BD: "By presenting Antigone in Ferguson in a church, we have been able to create the kind of welcoming environment that simply isn’t possible in established cultural spaces. We have eliminated the idea of a box office, and the doors of the church are kept open throughout the performance, so people wandering by can walk in, even for just the discussion. There are no officious people with clipboards and walkie-talkies herding audience members into seats. We have assembled a front of house staff that has the sole job of welcoming people into the space, talking with them, showing them around, and making them feel welcome. This has been a game changer for our work and has paid dividends in the readiness of audience members to receive the performance and, in turn, participate in the discussion.
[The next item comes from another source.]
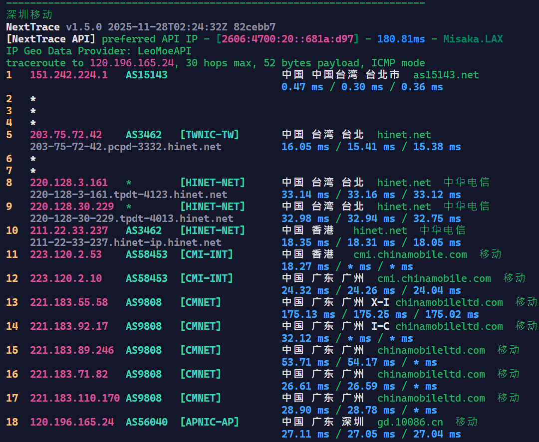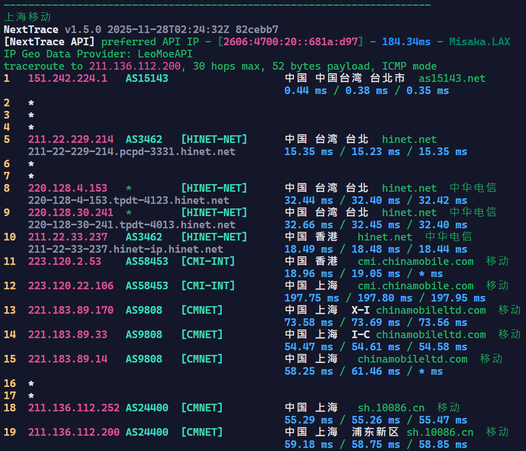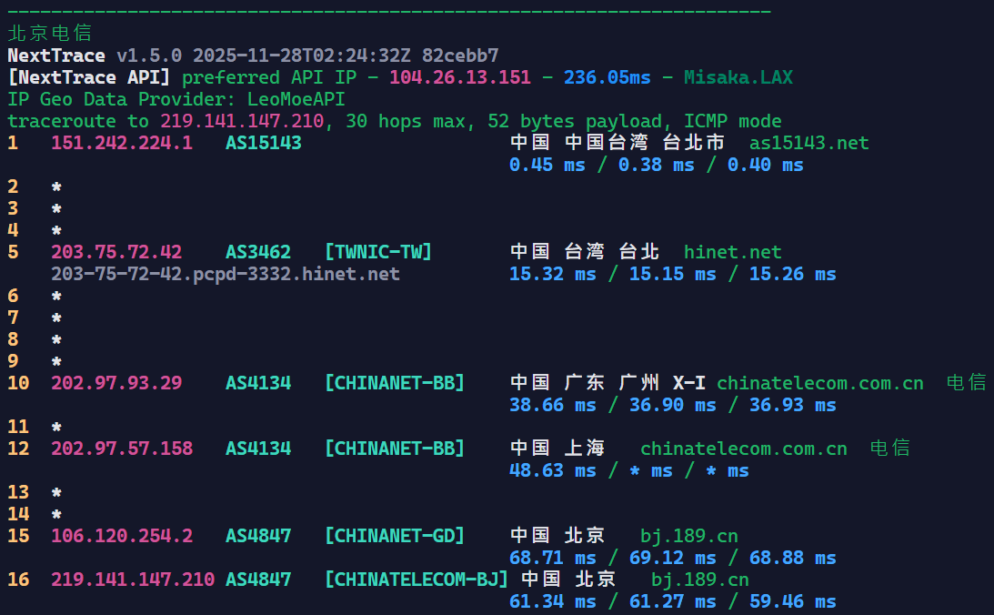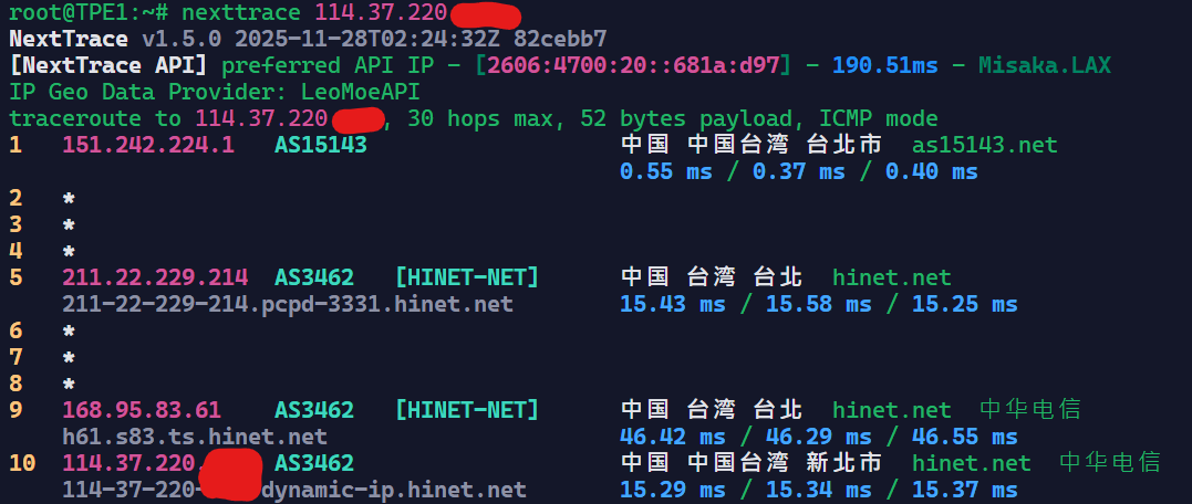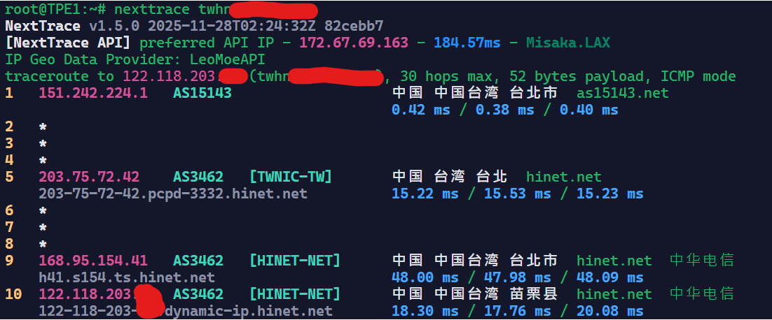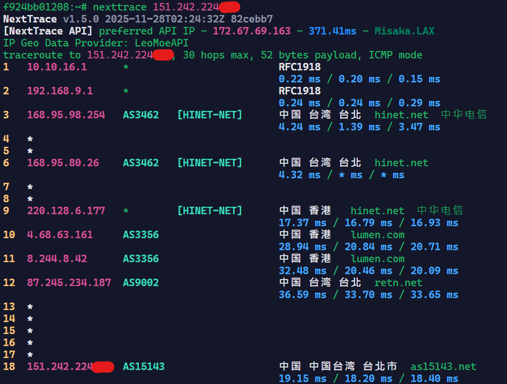 可以看到基本上是走Hinet回内地的,Hinet在回内地的线路上还是很不错的。

It has also created an environment in which the actors and singers connect more directly and freely with the audience, blurring the boundaries between performers and public."
Q: In addition to directing, you are also the translator of the classical works, like Sophocles’ Antigone, on which Theater of War’s performances are based. How do you balance fidelity to the original with the aims of your productions?
BD: "A play is a blueprint for a felt emotional experience, and not simply a literary artifact. I begin all of my translations from the ancient text. But the core question I’m always asking myself as a translator is: For whom are we telling the story? This informs most of my decision making about the words, idioms, phrases, and vernaculars that I employ. I’m interested in conveying the spirit of the original by way of living language that speaks directly to the intended audience."
Q: Theater of War combats perceptions of the classics as no longer relevant, or as the province only of academics. But are there limits to how broad a public theater based on the classics can engage?
BD: "The question at the center of our work is this. Whose stories are these? Who has the right to be speaking about them? Those of us who were privileged enough to study them in school? Or audience members that know these stories intimately, without ever having heard of them before, because they have lived the extreme experiences the stories describe? Our conviction is that the closer the audience is in proximity to human suffering, the more that audience has to teach us about what these plays are about and what they signify today. Our performances take place in prisons, homeless shelters, housing projects, addiction clinics, public schools, hospitals, hospice units, and public squares. In our model of public engagement, those who are typically invited last to the table come first. And from this perspective, there is no limit to scope of the public that can engage with ancient stories and make them new again."
Q: What’s a classical text that Theater of War hasn’t worked with, but that you’d pick out as recommended reading?
BD: "Our newest project is based on a play by Aeschylus called The Suppliants, about fifty Egyptian women who seek asylum in ancient Argos from forced marriage to their cousins. The play takes place at a border, and we intend to perform it at borders throughout the world. The main argument of the play is that suppliants seeking asylum at borders are sacred and should be treated as such. I couldn’t think of a more relevant or important text from the ancient world to be reading and revisiting right now."
Q: As time continues to pass since Michael Brown’s death, what is the future of Antigone in Ferguson?
BD: "At a recent performance of Antigone in Ferguson, an audience member stood up and said that the name Antigone in Ferguson made sense to her because Antigone was the conscience of Thebes and Ferguson has become the conscience of our nation. The future of Antigone in Ferguson is the future of that conscience, born in Ferguson and spreading throughout the country and the world. Our hope is to bring the project to countless other cities and communities that have experienced radicalized violence and unrest, with the hope of inspiring healing dialogue, restorative justice, and positive action."